Our findings are in good agreement with previous studies regarding MF, PF combinations for optimal treatment plans without dose painting.^21–23 This means that these HT parameters could be kept the same as used in routine clinical practice, except for FW, which should be changed from typical 2.5–1.05 cm for DPBN plans.

Figure 2 presents the DVH for a single fx for one patient using these parameter settings: FW = 1.05 cm, PF = 0.287 and MF = 3. As the figure shows, dose per fx for all OARs is below the standard fractionation dose (2 Gy), so there was no need to calculate an equivalent dose in 2-Gy fxs. Beam-on time for this plan was 434.8 s (approximately 7 min), and all constraints from Table 3 were fulfilled. This plan could have been used in this patient, although the dose escalation is very high and perhaps questionable. This planning study was performed for an extreme situation, with maximum escalation to normalized isoeffective dose (NID_2Gy) = 120.71 Gy [the volume was 0.2 cm³ (SD = 0.5 cm³)], such a high dose would not be used clinically; however, this proves that multiple-level dose escalation using HT is possible to very high doses without violating the OAR doses.

Figure 2.

Dose–volume histogram (single fraction) for treatment plan with field width = 1.05 cm, pitch = 0.287 and modulation factor = 3 for one of the patients. The planning target volumes (PTVs) from 69.12 to 96.00 Gy are positron emission tomography primary regions that were dose painted. DPV, dose-painting volume.

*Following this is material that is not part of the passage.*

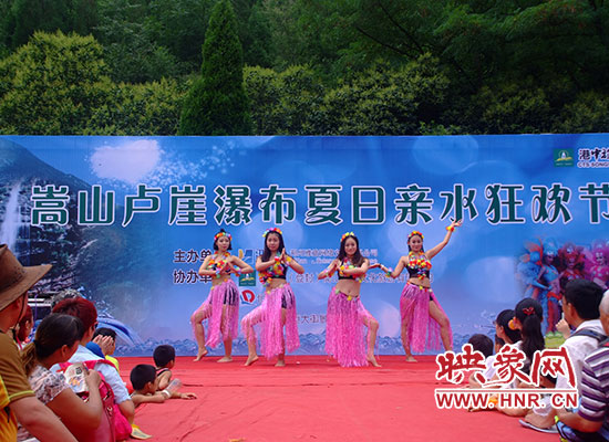 10點(diǎn)鐘,盧崖瀑布景區(qū)盧鴻一雕像人頭攢動(dòng),大家情緒高漲,隨著動(dòng)感音樂(lè)聲減弱,主持人上臺(tái),狂歡派對(duì)開(kāi)幕式正式開(kāi)始,好看的節(jié)目應(yīng)接不暇,音樂(lè)、美女、帥哥!真是一場(chǎng)感觀盛宴?。∮袌D為證!

It is important to stress that beam-on time and plan quality depends on the delivery mode of the tomotherapy machine: the next generation HT is equipped with dynamic jaw and dynamic couch movements, which can reduce treatment time by 66%.²⁴ In addition, the latest HT machines reduce dose penumbra and thus the integral dose and dose to the OARs may be lower.²¹ However, the option of dynamic jaws is favourable only at the beginning and the end of the PTV in C-C direction. Since, in our study the dose-painted region was never placed at the edge of the PTV in the C-C direction, the next generation HT would probably not improve substantially the dose distribution. Nevertheless, even with the older tomotherapy machines used in the present study, we have demonstrated that HT is capable of generating a discrete dose-painting plan.

Based on the AHCDA, the FW parameter had the strongest impact on the quality of the plan, followed by the MF. Since AHCDA did not classify PF into a separate group, it means that treatment plans with PF = 0.287 and PF = 0.43 are very similar.

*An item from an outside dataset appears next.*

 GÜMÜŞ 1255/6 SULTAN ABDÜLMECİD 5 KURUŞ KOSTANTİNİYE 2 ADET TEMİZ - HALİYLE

DPBN suffers from some limitations and should be used with caution. One of them is sensitivity to motion and geometric errors during external beam radiation therapy. Korreman et al²⁵ demonstrated that a systematic error of 2 mm in any direction results in a significant decrease of dose conformality for DPBN plans. However, recently, Witte et al²⁶ and Sterpin et al¹⁷ presented a solution to this problem. Although the first method (robust optimization technique) could not be implemented in this study because of technical issues (this optimization technique is not available in HT TPS), the second one (modifying the dose prescription by dilation and deconvolution) could be a useful tool.

CONCLUSION

The present study shows that the Hi-Art TomoTherapy system is capable of generating discrete dose-painting plans. The limitations of voxel-based prescription in HT TPS can be overcome by using a sufficient number of subcontours with equally spaced discrete prescribed doses. The two most important parameters of the dose-painting plans to minimize beam on-time while delivering a high-quality dose distribution are FW and the MF. PF is less important, and has moderate impact on the dose to the OARs.

DPBN planning is a very sophisticated and challenging process. Selection of appropriate FW and MF is crucial since both of these parameters influence beam-on time and dose distribution quality. It is advisable to make this decision individually for each patient (based on the patient's condition and the complexity of DPV), keeping in mind that longer treatment time may increase intra-fx errors and machine workload.